Fitting models to small datasets. (A) Forward model (TRF) trained on 15 min of speech-EEG data using the speech envelope feature. Left, mean cross-validation accuracy (5-fold) for frontocentral channel Fz. Error bars indicate SEM across folds. Middle, mean prediction accuracy (Pearson’s r) at Fz for validation and test sets using optimized regularization parameter. Right, optimized TRF weights at Fz. (B) Forward model trained on only 30 s of the same dataset. Left, mean cross-validation accuracy (5-fold) at Fz.
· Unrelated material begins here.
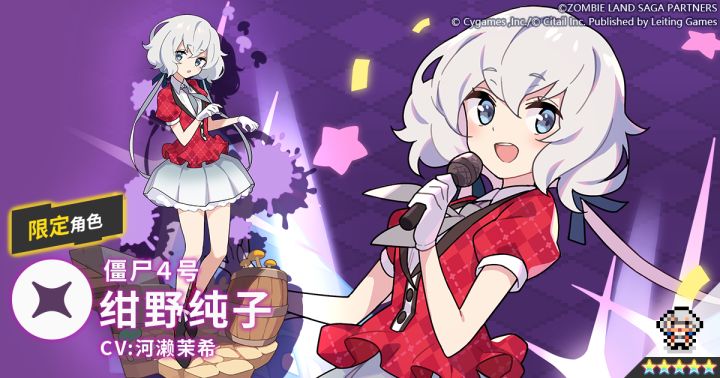 全员都是僵尸的佐贺当地偶像组合·芙兰秀秀的成员。引领了偶像热潮、风靡一世的传说中的昭和偶像。芙兰秀秀中唱功最好的成员,但并不因此自负。永远认真对待偶像事业,是个自我要求非常严苛的人。✦ 属性:暗✦ 类型:特殊✦ 技能:偶像的光辉以精彩的表演俘虏电视机前的所有粉丝,赋予参战者全员技能伤害提升效果/发动时若生命值不满45%,追加赋予暗属性角色屏障“我是僵尸4号,绀野纯子。说实话这里尽是些让

Middle, mean prediction accuracy at Fz for validation and test sets using optimized regularization parameter. Right, optimized TRF weights at Fz.

FIGURE 7

Interpreting TRF weights with sub-optimal regularization. (A) Forward model performance using a limited hyperparameter search in the range [10^–1, 10⁵]. Left, mean prediction accuracy (Pearson’s r) using optimized regularization parameter, averaged across all EEG channels. Error bars indicate SEM across participants. Middle, optimized TRF weights for individual EEG channels. Darker colors indicate more posterior channels. Right, mean cross-validation accuracy as a function or regularization, averaged across participants. The maximal prediction score corresponded to a lambda value of 10^–1. (B) The same data as in panel (A) for a more exhaustive hyperparameter search in the range [10^–7, 10⁵]. This exhaustive search yielded a higher prediction accuracy than in (A), corresponding to an optimal regularization value of 10^–3.